* Assignment: Restate each entry exactly, without pictures.

* Dataset items:

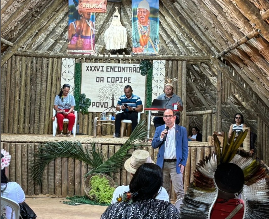 Na manhã do sábado (23), o reitor esteve no Território Indígena do Povo Truká, em Orocó (PE), onde participou dos debates da Universidade Indígena, durante o XXXVI Encontrão do Movimento da Educação Escolar Indígena em Pernambuco, coordenado pela Comissão de Professores/as Indígenas de Pernambuco (Copipe). Também esteve presente o coordenador-geral de Articulação de Políticas Educacionais Indígenas do Ministério dos Povos Indígenas, Edilson Baniwa. O reitor representou a Andifes, junto com outras reitoras e reitores, e reafirmou o compromisso da Univasf em contribuir para a construção e implantação da Universidade Indígena, que terá atuação em todo o território nacional, assegurando o direito a uma educação específica, diferenciada e intercultural.
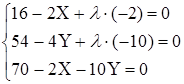 Z = 16X + 54Y − X2 − 2Y2 + l(70 − 2X − 10Y)
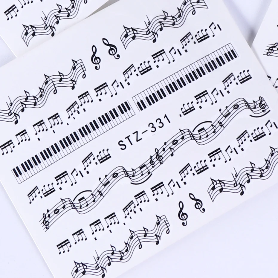 Переводные наклейки для ногтей, 1 лист, музыкальные ноты, дизайн, Нейл-арт, водные переводные наклейки, украшения для маникюра, слайдер, фольга, обертывания, TRSTZ-331
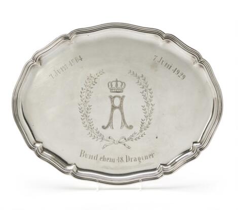2545/8037LyngbyA German Silver dish, engraved for Grand Duchess Alexandra of Mecklenburg-Schwerin 1929. L. 45 cm.
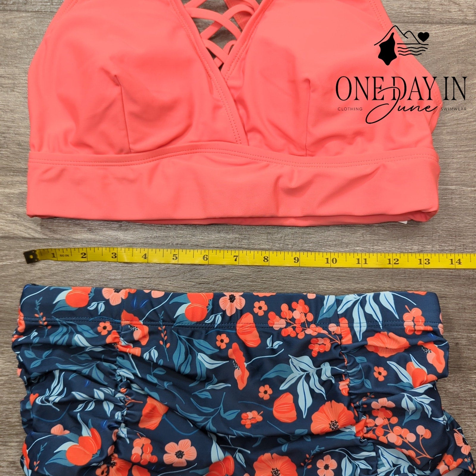 Hanna Nikole Plus Size High Waist Ruched Bikini Swimsuit Size 12W
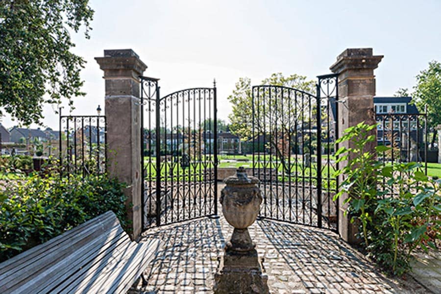 Vaas op sokkel voor een antieke poort met zandstenen zuilen
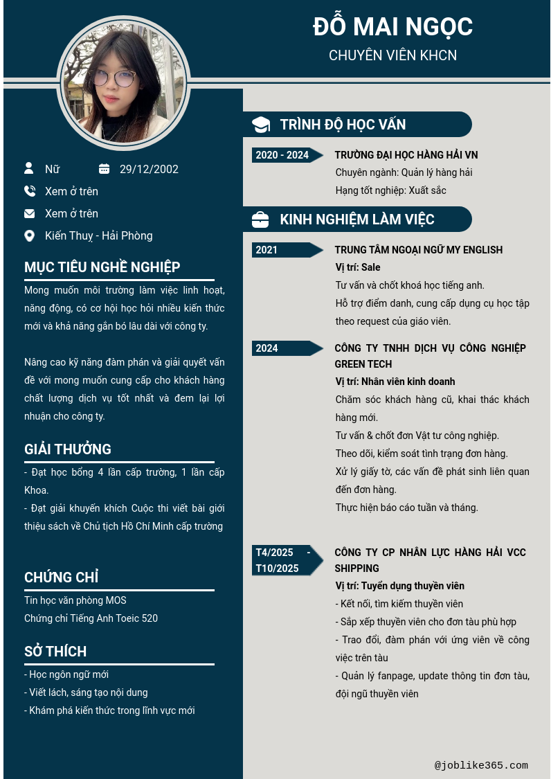 Xem hồ sơ ứng viên ĐỖ MAI NGỌC cần 2 điểm. Hồ sơ được cập nhật ngày: 23/02/2026
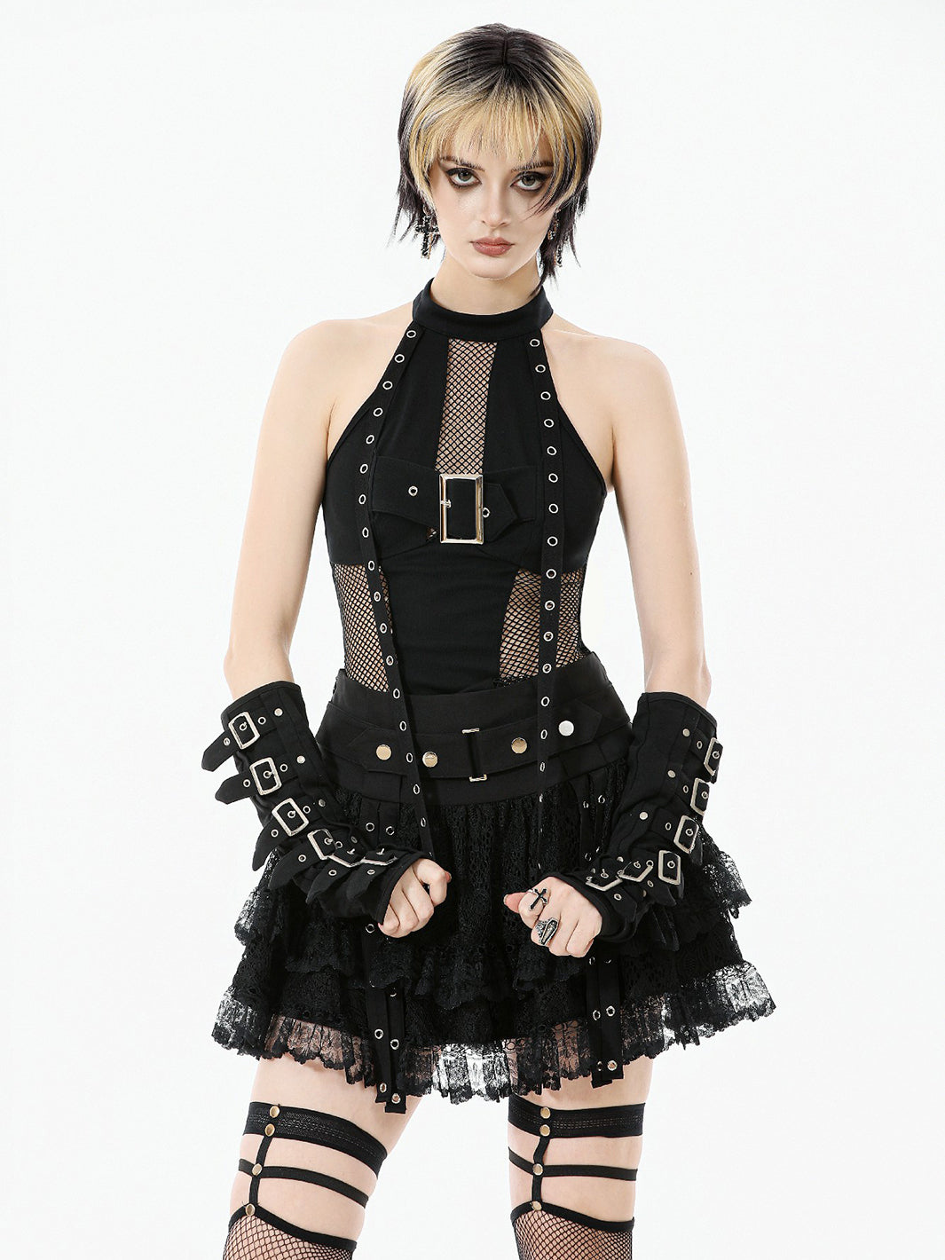 Turn heads from dusk till dawn in the Nightshade Buckle Top. This versatile halter delivers instant punk edge with bold cutouts and hardware details.
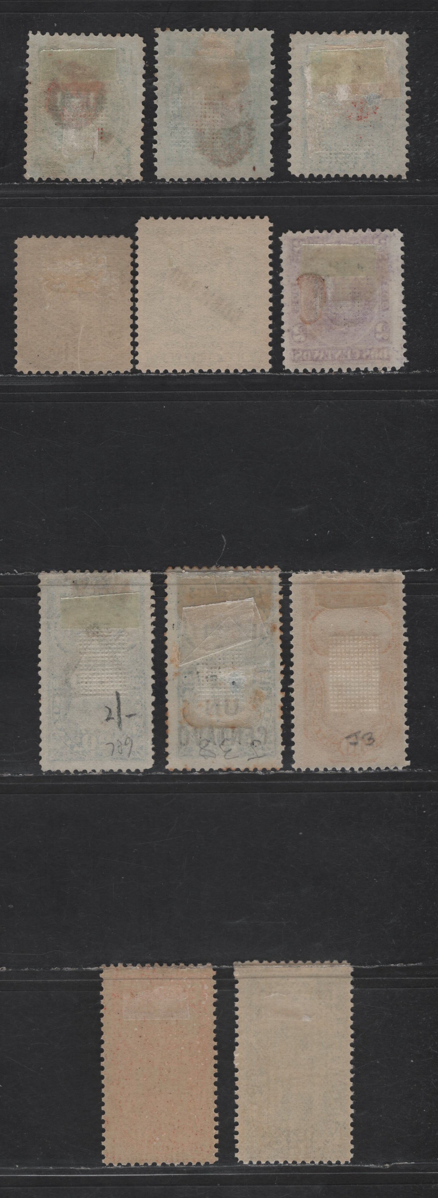 11 F/VFOG & unused singles of the 10c - 5c orange - ultramarine Numerals - Pictorials from the 1874-1882 Postage Dues With Grill & Chilean Occupation Overprinted Issues, most with gum.
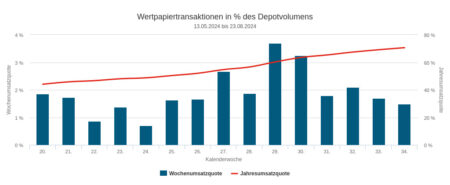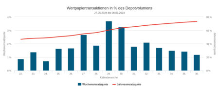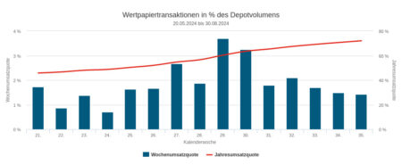 Die Assets under Management in unserem Depotausschnitt für die Handelswoche Nr. 36 summierten sich auf 302,31 Mio. Euro. Das ist relativ zu sonst ein sehr großer Ausschnitt, was seine Repräsentativität in Bezug auf die Grundgesamtheit aller Depots, die firstfive beobachtet, erhöhen sollte. Allerdings setzten die damit erfassten Vermögensverwaltungen nur 1,19 Prozent dieses Volumens in der Berichtswoche mit ihrem Handel um – das ist die Umsatzquote.
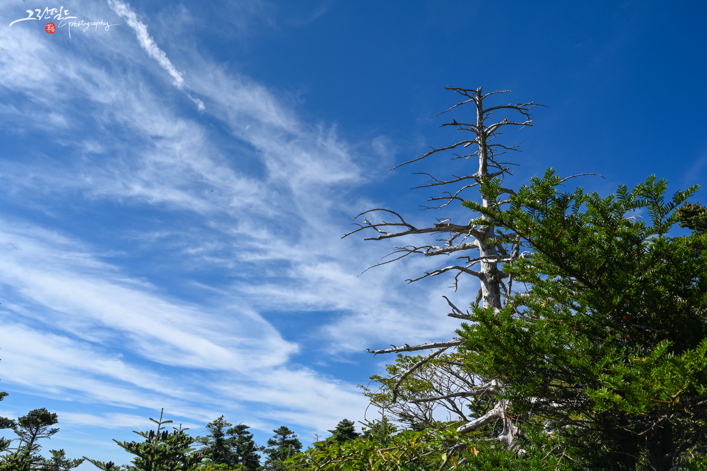 밋밋한 사진에 우측상단의 고사목과
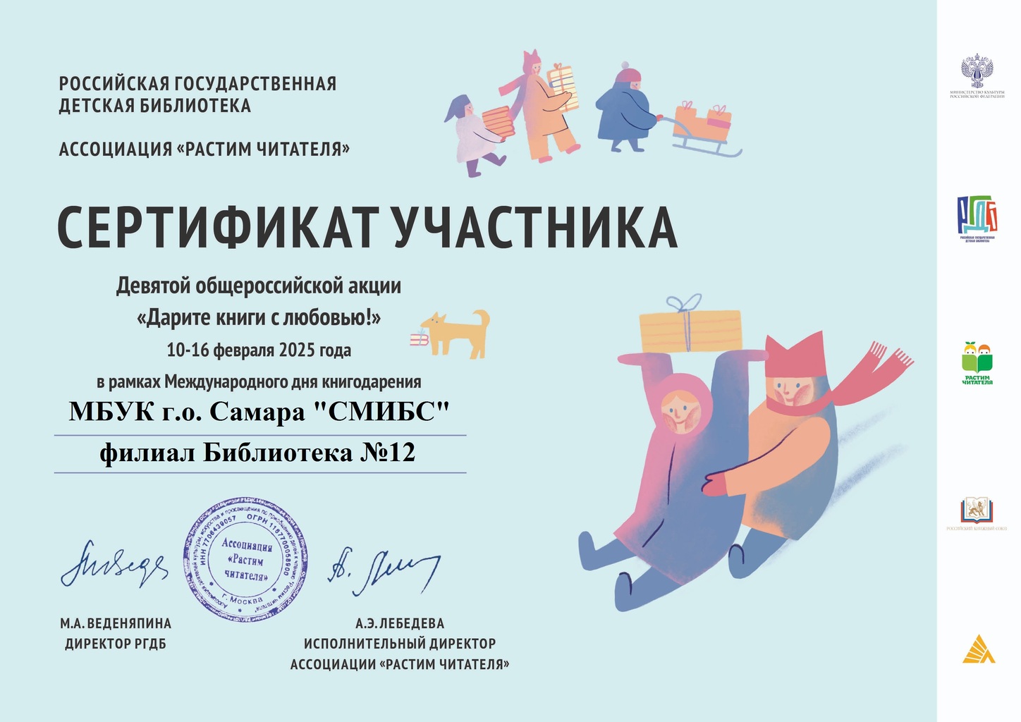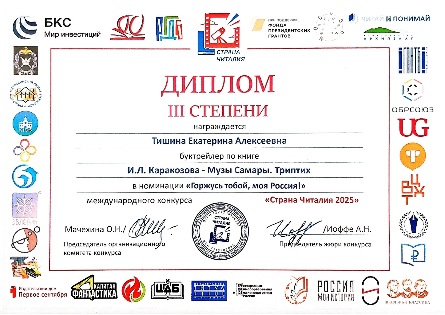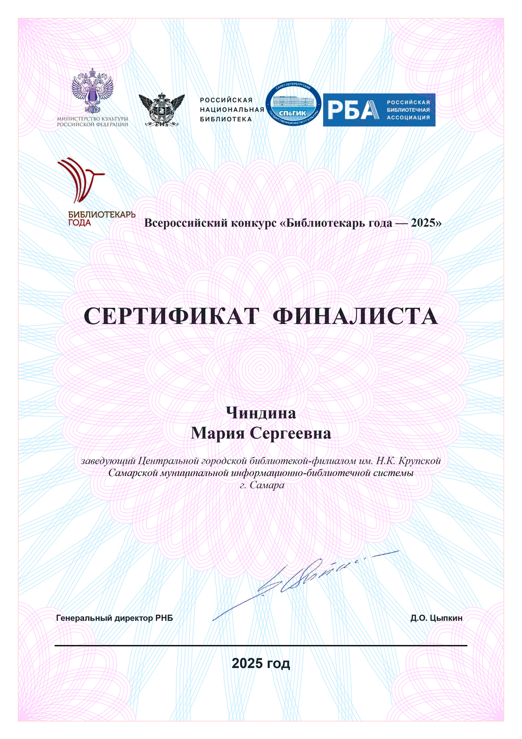Чиндина М.С., ЦГБ Данилова О.В., ф.7 грамота Барсукова_ф33_Диплом_участника ф1 Воробьёва Е. Л. Диплом ф1 Батова Н. Г. Диплом Тишина Е.А., ЦГБ Коноплева Т.А., ЦГБ благодарность библиотеке 16 благодарность Роману Сукманову благодарность Гузановой Е.А., ф.16 благодарность Кузнецовой С.В., ф.16 ф.31 коллективу филиала от Администрации района Горбунова Е. В., ф.5 Благодарственное письмо Конференция Перепелкина Е.В., ЦГБ ф.6 Благодарственное письмо Костина О.С., ф19 Благодарственное письмо Костина О.С. ф19 Благодарственное письмо Немчанова ф.2 Воробьёва ф.1 Левина ф.2 ф.5 Оберт Л.А., отдел развития Почетная грамота Морозова, отдел развития Ф.22 Ф.12 Валеева А.Г. Благодарственное письмо Данилова О.В., ф.7 Благодарственное письмо Ф.12 Матерова (Шукшин) Ф12 Сертификат волонтеры 2025 Ф.12 Диплом (Лермонтов) ф.12 Диплом VIII Всероссийская акция 200 минут чтения Сталинграду посвящается Ф.12 Сертификат участника Тишина Е.А., ЦГБ Краснянская И.Ю., ф.5 Сертификат участника Память в наследство Носач О.В., ф.5
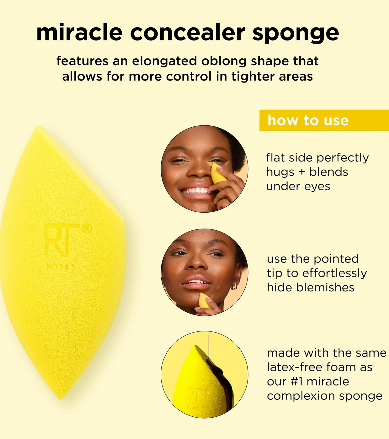 A esponja corretiva Real Techniques Miracle Concealer Sponge ajuda a misturar e ocultar para iluminar olheiras ou cobrir imperfeições.
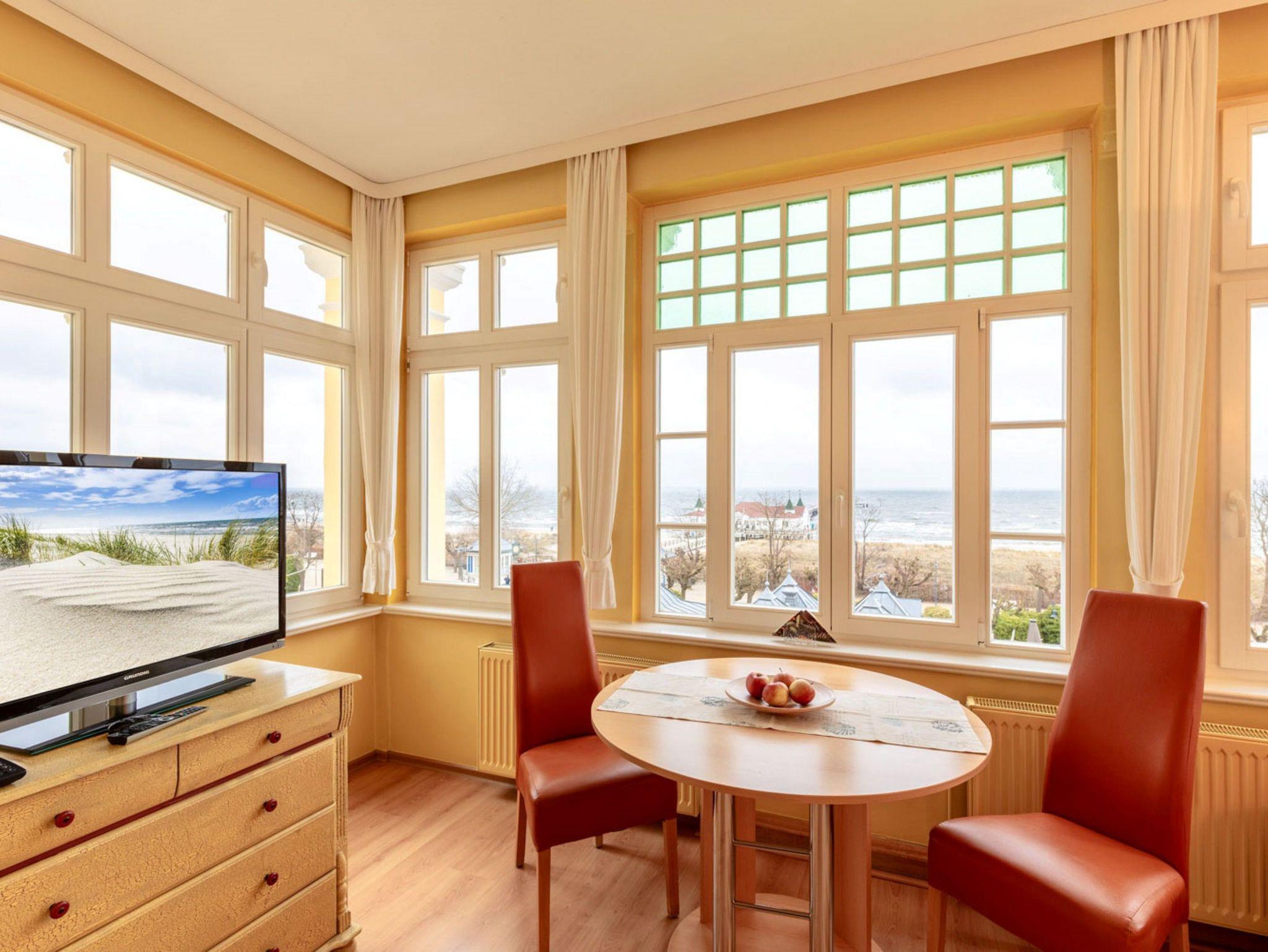 Das Haus Am Meer besteht aus der 1992 liebevoll restaurierten Villa (Haupthaus) und der 1998 angebauten Dependance (Nebengebäude/Anbau). Bei uns sind Sie in der ersten Reihe, direkt an der historischen Seebrücke und nur wenige Schritte vom Ostseestrand entfernt.

* Written response:
 Na manhã do sábado (23), o reitor esteve no Território Indígena do Povo Truká, em Orocó (PE), onde participou dos debates da Universidade Indígena, durante o XXXVI Encontrão do Movimento da Educação Escolar Indígena em Pernambuco, coordenado pela Comissão de Professores/as Indígenas de Pernambuco (Copipe). Também esteve presente o coordenador-geral de Articulação de Políticas Educacionais Indígenas do Ministério dos Povos Indígenas, Edilson Baniwa. O reitor representou a Andifes, junto com outras reitoras e reitores, e reafirmou o compromisso da Univasf em contribuir para a construção e implantação da Universidade Indígena, que terá atuação em todo o território nacional, assegurando o direito a uma educação específica, diferenciada e intercultural.
 Z = 16X + 54Y − X2 − 2Y2 + l(70 − 2X − 10Y)
 Переводные наклейки для ногтей, 1 лист, музыкальные ноты, дизайн, Нейл-арт, водные переводные наклейки, украшения для маникюра, слайдер, фольга, обертывания, TRSTZ-331
2545/8037LyngbyA German Silver dish, engraved for Grand Duchess Alexandra of Mecklenburg-Schwerin 1929. L. 45 cm.
 Hanna Nikole Plus Size High Waist Ruched Bikini Swimsuit Size 12W
 Vaas op sokkel voor een antieke poort met zandstenen zuilen
 Xem hồ sơ ứng viên ĐỖ MAI NGỌC cần 2 điểm. Hồ sơ được cập nhật ngày: 23/02/2026
 Turn heads from dusk till dawn in the Nightshade Buckle Top. This versatile halter delivers instant punk edge with bold cutouts and hardware details.
 11 F/VFOG & unused singles of the 10c - 5c orange - ultramarine Numerals - Pictorials from the 1874-1882 Postage Dues With Grill & Chilean Occupation Overprinted Issues, most with gum.
 Die Assets under Management in unserem Depotausschnitt für die Handelswoche Nr. 36 summierten sich auf 302,31 Mio. Euro. Das ist relativ zu sonst ein sehr großer Ausschnitt, was seine Repräsentativität in Bezug auf die Grundgesamtheit aller Depots, die firstfive beobachtet, erhöhen sollte. Allerdings setzten die damit erfassten Vermögensverwaltungen nur 1,19 Prozent dieses Volumens in der Berichtswoche mit ihrem Handel um – das ist die Umsatzquote.
 밋밋한 사진에 우측상단의 고사목과
Чиндина М.С., ЦГБ Данилова О.В., ф.7 грамота Барсукова_ф33_Диплом_участника ф1 Воробьёва Е. Л. Диплом ф1 Батова Н. Г. Диплом Тишина Е.А., ЦГБ Коноплева Т.А., ЦГБ благодарность библиотеке 16 благодарность Роману Сукманову благодарность Гузановой Е.А., ф.16 благодарность Кузнецовой С.В., ф.16 ф.31 коллективу филиала от Администрации района Горбунова Е. В., ф.5 Благодарственное письмо Конференция Перепелкина Е.В., ЦГБ ф.6 Благодарственное письмо Костина О.С., ф19 Благодарственное письмо Костина О.С. ф19 Благодарственное письмо Немчанова ф.2 Воробьёва ф.1 Левина ф.2 ф.5 Оберт Л.А., отдел развития Почетная грамота Морозова, отдел развития Ф.22 Ф.12 Валеева А.Г. Благодарственное письмо Данилова О.В., ф.7 Благодарственное письмо Ф.12 Матерова (Шукшин) Ф12 Сертификат волонтеры 2025 Ф.12 Диплом (Лермонтов) ф.12 Диплом VIII Всероссийская акция 200 минут чтения Сталинграду посвящается Ф.12 Сертификат участника Тишина Е.А., ЦГБ Краснянская И.Ю., ф.5 Сертификат участника Память в наследство Носач О.В., ф.5
 A esponja corretiva Real Techniques Miracle Concealer Sponge ajuda a misturar e ocultar para iluminar olheiras ou cobrir imperfeições.
 Das Haus Am Meer besteht aus der 1992 liebevoll restaurierten Villa (Haupthaus) und der 1998 angebauten Dependance (Nebengebäude/Anbau). Bei uns sind Sie in der ersten Reihe, direkt an der historischen Seebrücke und nur wenige Schritte vom Ostseestrand entfernt.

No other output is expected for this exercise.